Les élections municipales se tiennent ce dimanche 31 mars en Turquie, 61 millions d’électeurs sont appelés aux urnes et l’enjeu dépasse celui d’un scrutin local.
France Info, le 30 mars 2024, par Marie-Pierre Vérot
Ces élections municipales en Turquie pourraient décider du sort du président Recep Tayyip Erdoğan. Il en a nationalisé l’enjeu. Il s’est juré dès le soir de la présidentielle, en mai 2023, de reprendre à l’opposition la mairie d’Istanbul. C’est sa ville, celle qui lui a servi de tremplin politique, la capitale économique du pays aussi, un tiers du PIB, une richesse qui attise les convoitises. Et d’ailleurs, c’est lui, le président, qui mène campagne ici comme dans le reste du pays.

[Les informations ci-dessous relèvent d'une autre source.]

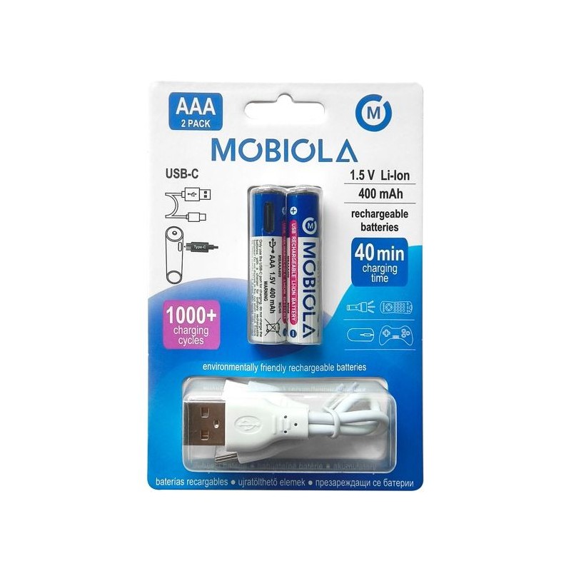 Parametre:Nabíjateľné batérie AAA, USB-C, 400 mAh, 1.5 V - 2 ks Nabíjecí baterie AAA, USB-C, 400 mAh, 1.5 V - 2 ks Nabíjateľné batérie AAA, USB-C, 400 mAh, 1.5 V - 2 ks Kód produktu: MBAAA400 EAN: 8594203271180 Cena bez DPH: 4,50 € Cena bez DPH + PHE: 4,50 € PHE: 0,00 € Praktické, ekologické as dlhou životnosťou – to je budúcnosť každej modernej domácnosti. Nabíjacie batérie MOBIOLA s USB-C nabíjacím káblom kombinujú výhody klasických nabíjacích batérií s moderným a pohodlným riešením nabíjania. Plná kapacita už za 40 minút a životnosť až 1000 nabíjacích cyklov vám ušetrí náklady na jednorazové batérie a zaistí výrazne dlhšiu životnosť. Skladom: 10 Pridať do zoznamu prianí Pridať na porovnanie 1Vložit do košíka Doprava zadarmo od 200,00 € Popis Rýchle a jednoduché nabíjanie Tieto batérie sú navrhnuté tak, aby vyhovovali moderným potrebám a prinášali praktické riešenia. Vďaka USB-C konektoru priamo na tele batérie sa môžete rozlúčiť s nepohodlnými externými nabíjačkami a užívať si bezstarostné nabíjanie kedykoľvek a kdekoľvek. S USB káblom, ktorý je súčasťou balenia, získate rýchle a pohodlné nabíjanie bez potreby ďalšieho príslušenstva. Plne nabité sú batérie už za 40 minút, takže vy môžete svoje zariadenia opäť používať.Praktické riešenie pre každodenné použitie Nabíjacie batérie MOBIOLA sú ideálnou voľbou pre každodenné použitie v domácnosti. Či už ich budete používať v diaľkových ovládačoch, elektronických hračkách, v klávesniciach či myšiach počítačov alebo iných zariadeniach, poskytnú spoľahlivý výkon a jednoduché použitie. Kapacita batérií AAA je 400 mAh, čo zaručuje dlhodobý zdroj energie pre všetky vaše zariadenia.Ekologická voľba pre zodpovedný životný štýl Nabíjacie batérie MOBIOLA vám umožnia šetriť peniaze pri každom dobití a zároveň chrániť prírodu. Znížením množstva odpadu z jednorazových batérií prispievate k ochrane životného prostredia a udržateľnosti.Vlastnosti: • Nabíjacia batéria, 2dielna súprava • Kábel USB-C súčasťou balenia • Vhodné do rôznych domácich spotrebičov • Jednoduché nabíjanie s nabíjacím káblom USB-C, dokáže nabíjať 2 batérie naraz • Jednoducho pripojte k akémukoľvek USB portu, nevyžadujú sa žiadne špeciálne nabíjačky • LED indikátor zobrazuje priebeh nabíjania • Dlhodobé využitie a životnosť – batéria môže byť opakovane dobíjaná až 1000 krát • Nabitie do 40 minút • Kapacita 400 mAh • Neprítomnosť pamäťového efektu“ – batéria je schopná plného nabitia aj pri čiastočnom vybití. • Ekologická alternatíva k tradičným AAA batériám

Si son candidat ne parvient pas à reconquérir Istanbul, ce sera interprété comme un échec personnel du président. Et le maire sortant Ekrem İmamoğlu prendra une sérieuse option pour la présidentielle de 2028. Si en revanche, le candidat de l’AKP l’emporte, Erdogan aura parachevé sa mainmise sur le pays, lui qui domine l’exécutif, commande au judiciaire et dont le parti a la majorité absolue au Parlement. Le pays n’aura plus de contre-pouvoir face à sa dérive antidémocratique, car les grandes villes sont tout ce qui reste à l’opposition.

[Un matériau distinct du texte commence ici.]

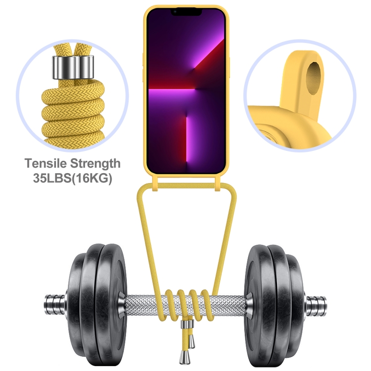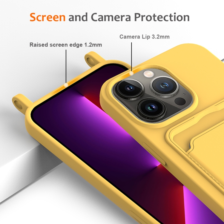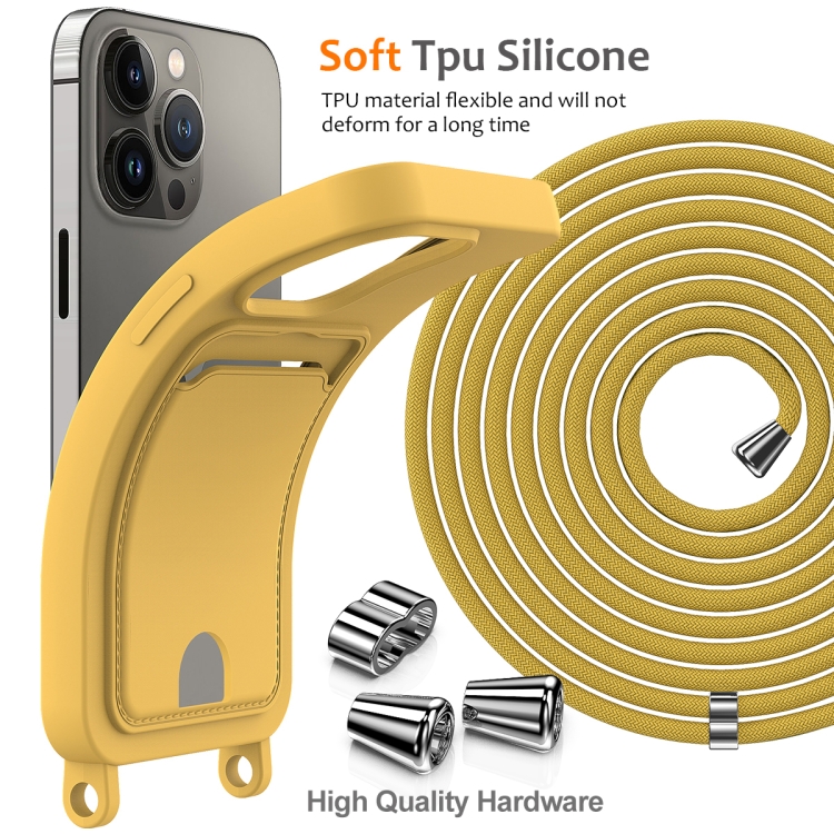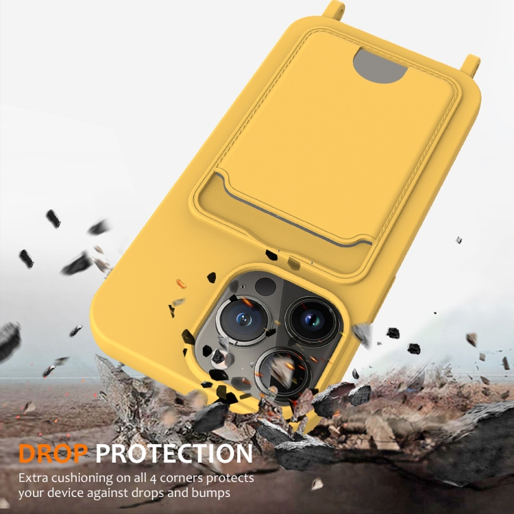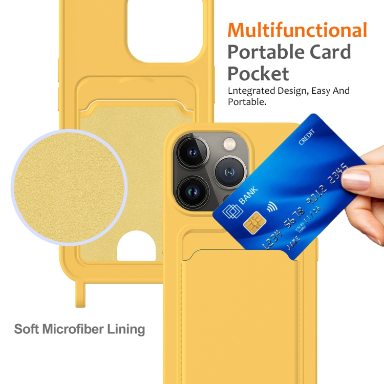 For iPhone 12 Pro Built-in Card Bag Solid Color Liquid Silicone Phone Case with Lanyard (Yellow)

Les retraités sont l’une des clés du scrutin
À Istanbul, qui incarnera en fait l’échec ou la réussite d’Erdogan, le paysage est moins dégagé qu’en 2019 pour le maire sortant. L’opposition s’est fracturée après l’échec de la présidentielle et chaque parti présente un candidat. Or, l’éparpillement des voix, si la bataille est serrée, pourrait coûter son siège à Ekrem İmamoğlu. Mais pour l’AKP, ce n’est pas réjouissant non plus, la crise économique pèse de plus en plus. Ses électeurs espéraient une embellie après la présidentielle, il n’en a rien été au contraire, la pauvreté explose particulièrement chez les retraités qui sont l’une des clés du scrutin.
Les retraités sont 16 millions en Turquie, près d’un quart de l’électorat. Alors, en Turquie, certains retraités ont à peine 50 ans, il suffit d’avoir travaillé 20 ans pour prétendre à une pension. Mais si l’on prend les plus de 65 ans, ils sont huit millions et ils représentent la catégorie la plus défavorisée, avec une pension de base qui correspond à la moitié du seuil de la faim. Ils en veulent beaucoup à Erdogan qui n’a pas augmenté les retraites malgré ses promesses et pourraient le lui faire payer. D’autant qu’ils sont courtisés par tous les partis, notamment un parti islamiste très conservateur qui monte et chasse sur les terres de l’AKP. L’équilibre des partis au soir de ces municipales entre le parti du président, le parti républicain laïque d’opposition et le nouveau parti islamiste, dira aussi beaucoup du visage de la Turquie pour les années à venir.